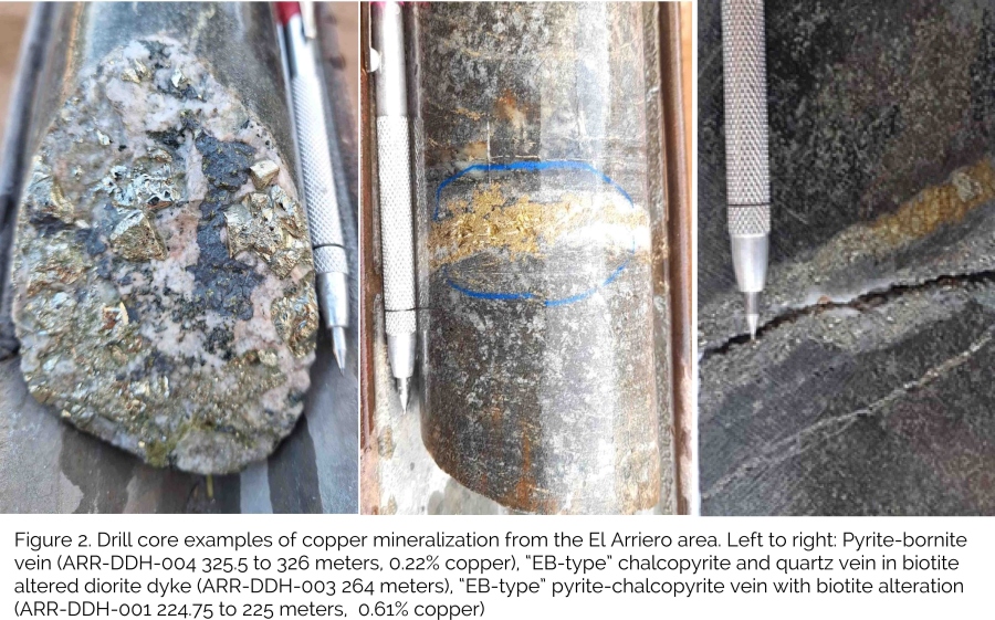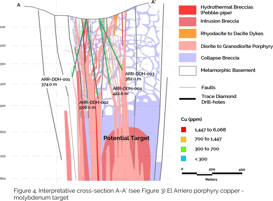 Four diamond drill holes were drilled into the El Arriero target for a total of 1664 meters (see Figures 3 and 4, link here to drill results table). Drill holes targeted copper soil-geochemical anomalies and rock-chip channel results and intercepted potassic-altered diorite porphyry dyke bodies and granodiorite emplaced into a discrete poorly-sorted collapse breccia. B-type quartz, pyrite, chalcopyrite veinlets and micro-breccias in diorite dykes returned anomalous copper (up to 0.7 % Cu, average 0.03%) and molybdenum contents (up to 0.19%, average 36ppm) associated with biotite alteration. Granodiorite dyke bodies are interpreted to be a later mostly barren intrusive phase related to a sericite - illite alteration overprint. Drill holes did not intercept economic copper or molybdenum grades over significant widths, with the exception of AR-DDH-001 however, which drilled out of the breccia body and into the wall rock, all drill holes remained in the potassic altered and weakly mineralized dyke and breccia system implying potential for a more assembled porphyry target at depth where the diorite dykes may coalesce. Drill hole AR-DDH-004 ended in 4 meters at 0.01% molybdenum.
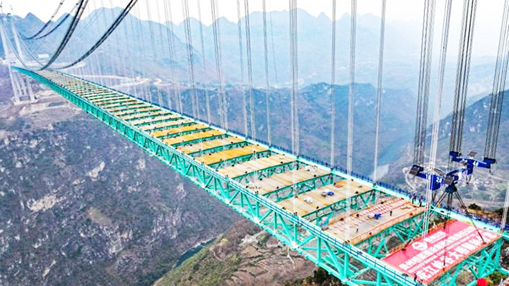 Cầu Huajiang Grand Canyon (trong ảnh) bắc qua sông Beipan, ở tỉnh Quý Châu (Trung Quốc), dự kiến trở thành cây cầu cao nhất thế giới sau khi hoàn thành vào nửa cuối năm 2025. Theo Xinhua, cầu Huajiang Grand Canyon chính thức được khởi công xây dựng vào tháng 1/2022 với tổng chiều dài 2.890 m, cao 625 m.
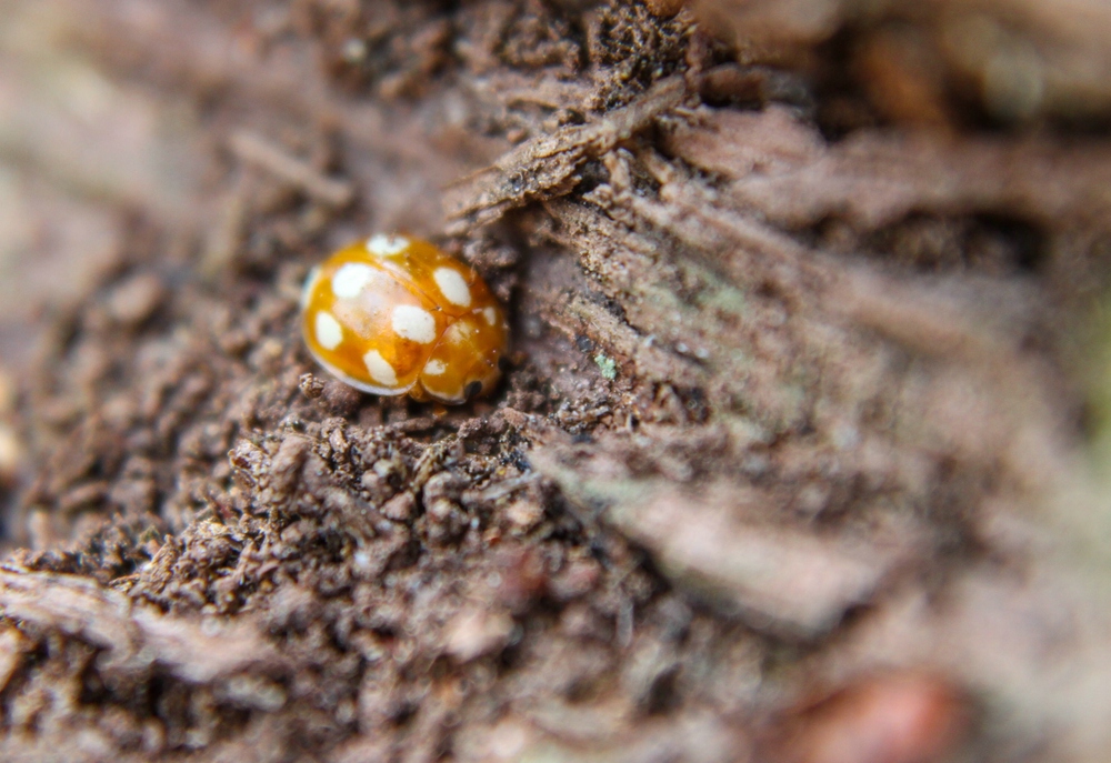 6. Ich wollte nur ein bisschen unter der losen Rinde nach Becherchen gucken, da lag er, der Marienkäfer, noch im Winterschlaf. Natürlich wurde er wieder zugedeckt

--

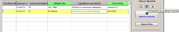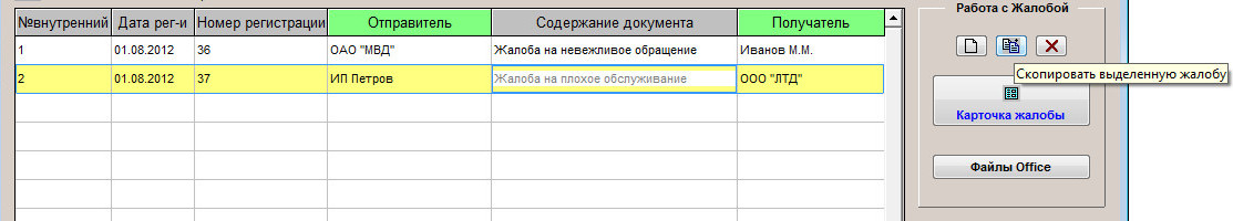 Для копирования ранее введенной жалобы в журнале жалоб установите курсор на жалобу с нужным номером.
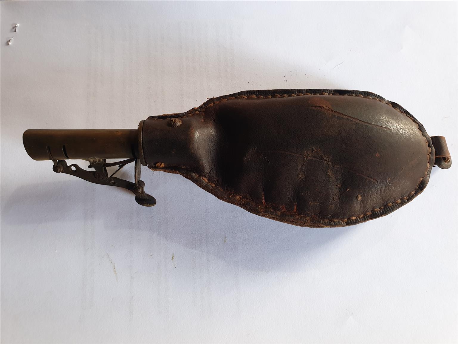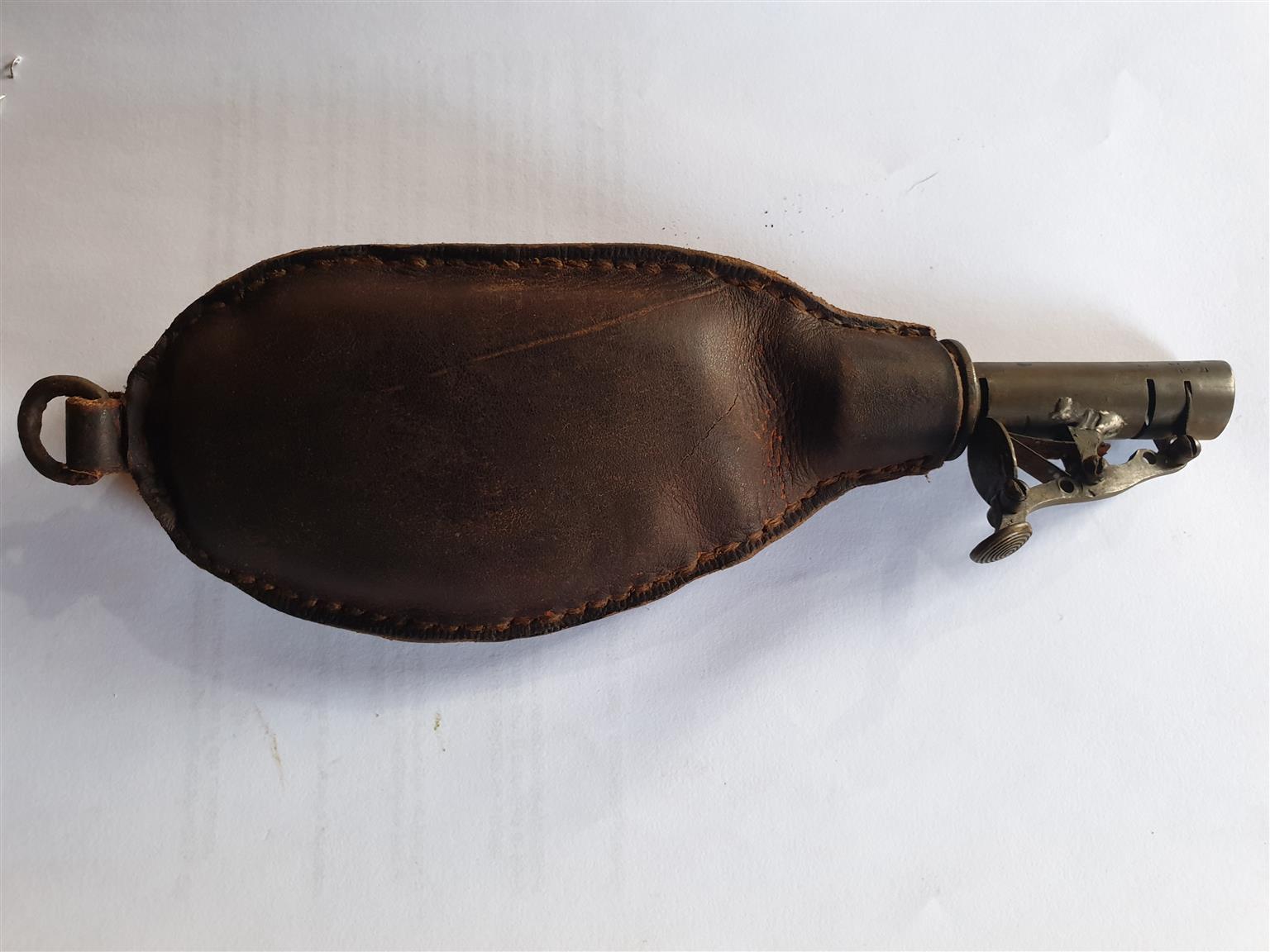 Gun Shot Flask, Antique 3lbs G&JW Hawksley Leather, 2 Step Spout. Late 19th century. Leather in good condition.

◆ Exercise directions ◆
Respond with the exact lines above running from the one containing "Для копирования ранее" to the one containing "Gun Shot Flask, Antique", both ends kept and no pictures included.

◆ Response to this task ◆
 Для копирования ранее введенной жалобы в журнале жалоб установите курсор на жалобу с нужным номером.
 Gun Shot Flask, Antique 3lbs G&JW Hawksley Leather, 2 Step Spout. Late 19th century. Leather in good condition.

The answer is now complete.